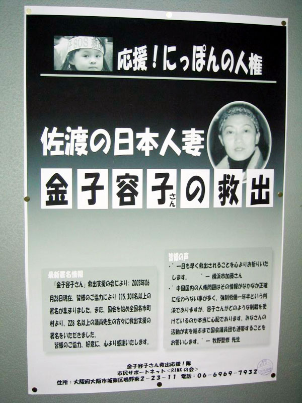 同时,另一个营救金子容子女士的组织「金子容子救援会」最近也在日本各个县进行了广泛的征签及向议会请愿活动。引起了媒体的深切关注。
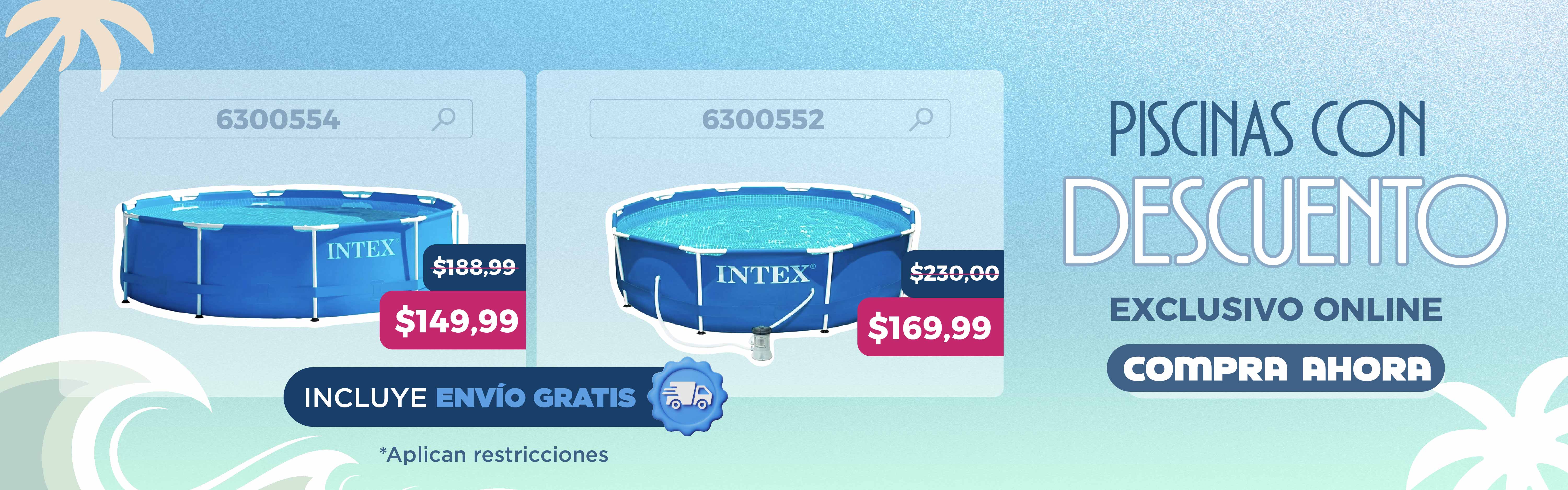 -26% Piscina Desmontable Metal Frame con Bomba 76X366cm 6503 Litros Intex 28211NP $169,99$230,00Agregar al carrito
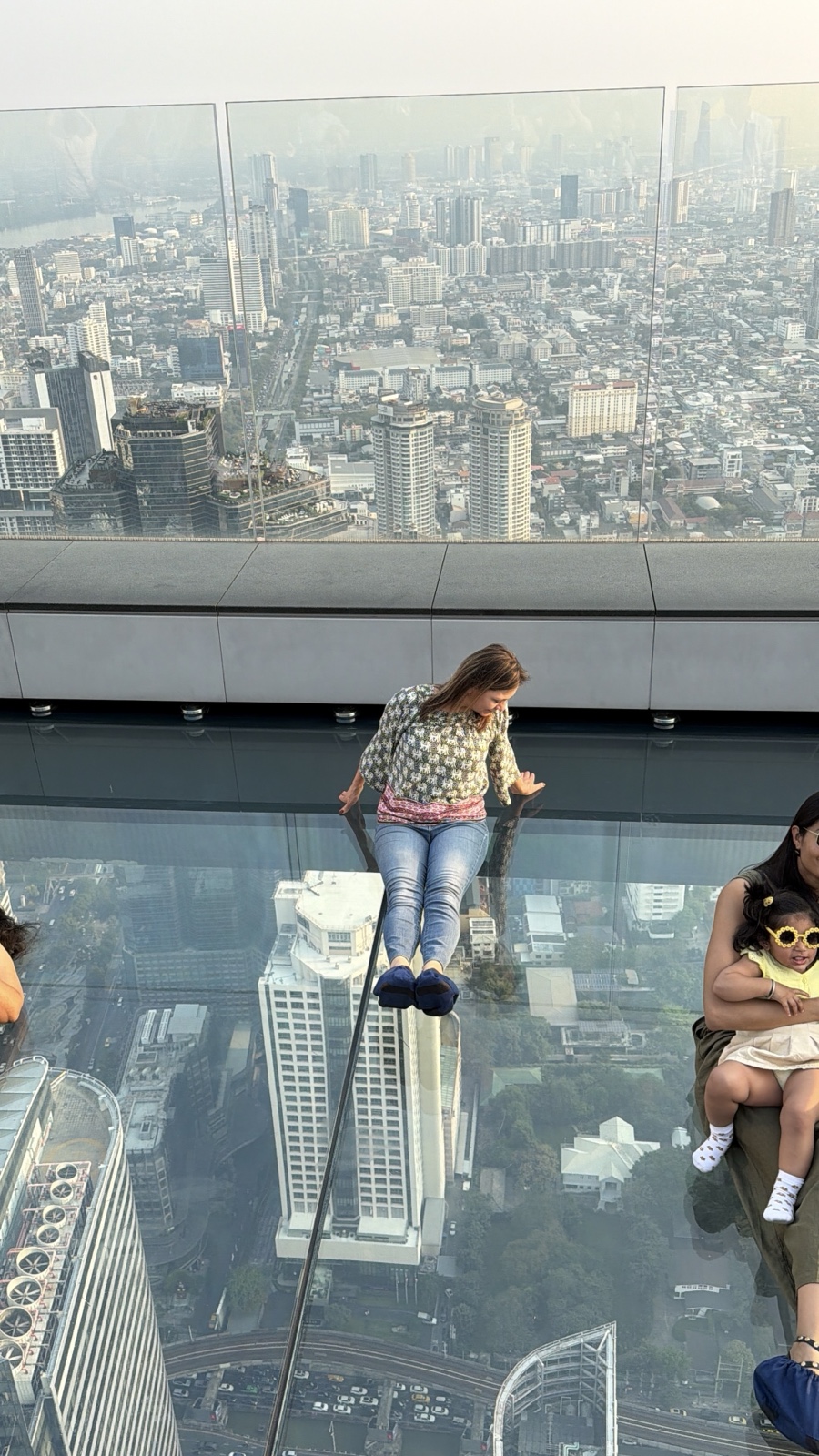 The building had a net you could lie on and look straight down from 314 meters up (almost 1000 feet). We chose not to pay extra for that.

▸ **Directions**:
The expected output is the run of lines from the one containing "-26% Piscina Desmontable" to the last line of the listing above, both included, word for word and free of pictures.

▸ **Response box**:
 -26% Piscina Desmontable Metal Frame con Bomba 76X366cm 6503 Litros Intex 28211NP $169,99$230,00Agregar al carrito
 The building had a net you could lie on and look straight down from 314 meters up (almost 1000 feet). We chose not to pay extra for that.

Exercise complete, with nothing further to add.